▶ _Aim of the exercise_:
Could you print the stretch of lines below from the one with "DKO liquor dispenser" through the one with "Platforma do balansowania", exactly as they stand and without any pictures?

▶ _Records provided_:

* * * * * * * * *

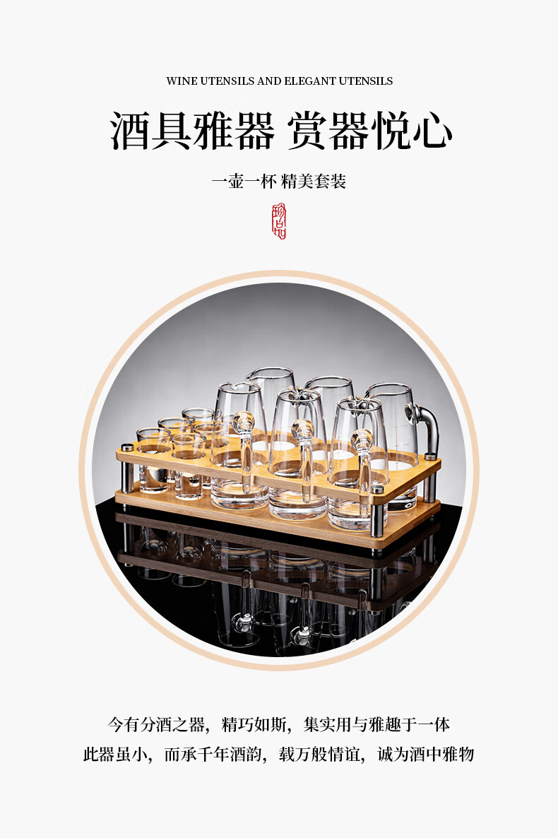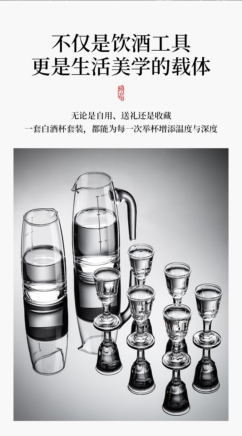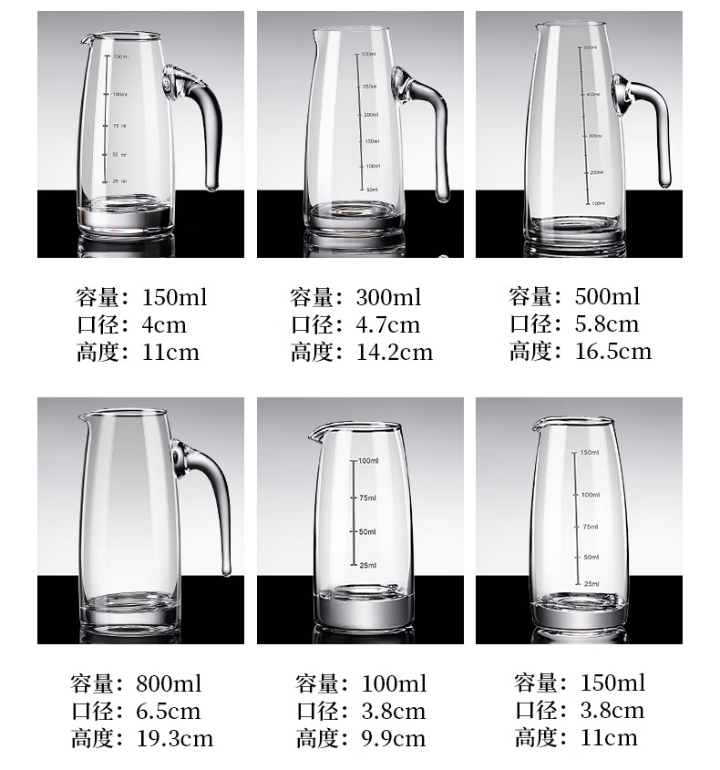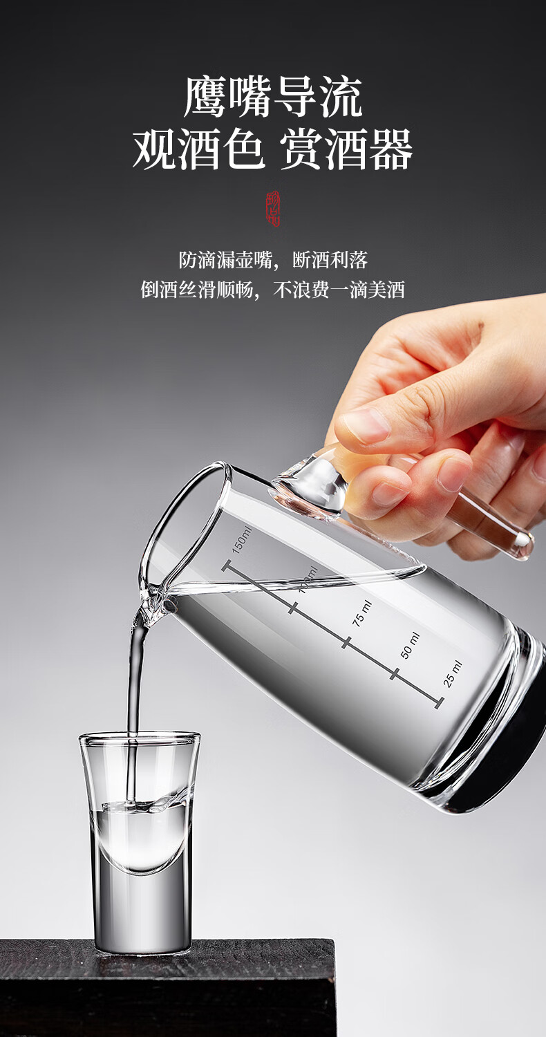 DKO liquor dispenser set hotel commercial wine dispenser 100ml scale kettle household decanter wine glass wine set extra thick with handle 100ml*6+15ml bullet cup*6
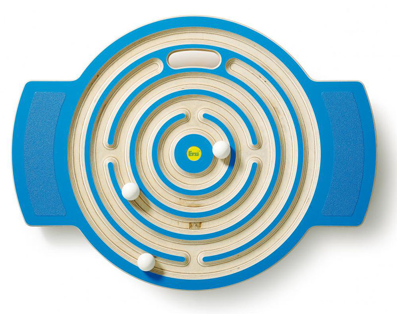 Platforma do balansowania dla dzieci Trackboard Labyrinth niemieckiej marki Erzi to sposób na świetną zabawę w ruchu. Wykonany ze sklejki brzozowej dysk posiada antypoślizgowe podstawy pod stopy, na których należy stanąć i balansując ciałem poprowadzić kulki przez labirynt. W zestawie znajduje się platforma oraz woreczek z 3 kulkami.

* * * * * * * * *

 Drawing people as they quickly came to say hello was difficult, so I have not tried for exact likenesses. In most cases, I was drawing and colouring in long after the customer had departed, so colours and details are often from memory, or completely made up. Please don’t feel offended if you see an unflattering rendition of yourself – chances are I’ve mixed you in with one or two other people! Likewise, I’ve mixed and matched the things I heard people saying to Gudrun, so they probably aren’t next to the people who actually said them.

* * * * * * * * *

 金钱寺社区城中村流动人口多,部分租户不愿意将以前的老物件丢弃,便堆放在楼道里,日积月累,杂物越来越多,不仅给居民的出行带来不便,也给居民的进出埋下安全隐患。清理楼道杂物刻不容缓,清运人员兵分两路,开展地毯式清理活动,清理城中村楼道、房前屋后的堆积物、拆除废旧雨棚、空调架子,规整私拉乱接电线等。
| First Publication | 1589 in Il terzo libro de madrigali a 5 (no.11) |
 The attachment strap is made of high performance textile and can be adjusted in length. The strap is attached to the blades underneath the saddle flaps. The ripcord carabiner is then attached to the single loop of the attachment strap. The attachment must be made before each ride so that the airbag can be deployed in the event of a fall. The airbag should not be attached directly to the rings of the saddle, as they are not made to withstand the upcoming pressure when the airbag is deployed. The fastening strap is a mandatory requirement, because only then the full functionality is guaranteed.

* * * * * * * * *

▶ _Answer to this task_:
 DKO liquor dispenser set hotel commercial wine dispenser 100ml scale kettle household decanter wine glass wine set extra thick with handle 100ml*6+15ml bullet cup*6
 Platforma do balansowania dla dzieci Trackboard Labyrinth niemieckiej marki Erzi to sposób na świetną zabawę w ruchu. Wykonany ze sklejki brzozowej dysk posiada antypoślizgowe podstawy pod stopy, na których należy stanąć i balansując ciałem poprowadzić kulki przez labirynt. W zestawie znajduje się platforma oraz woreczek z 3 kulkami.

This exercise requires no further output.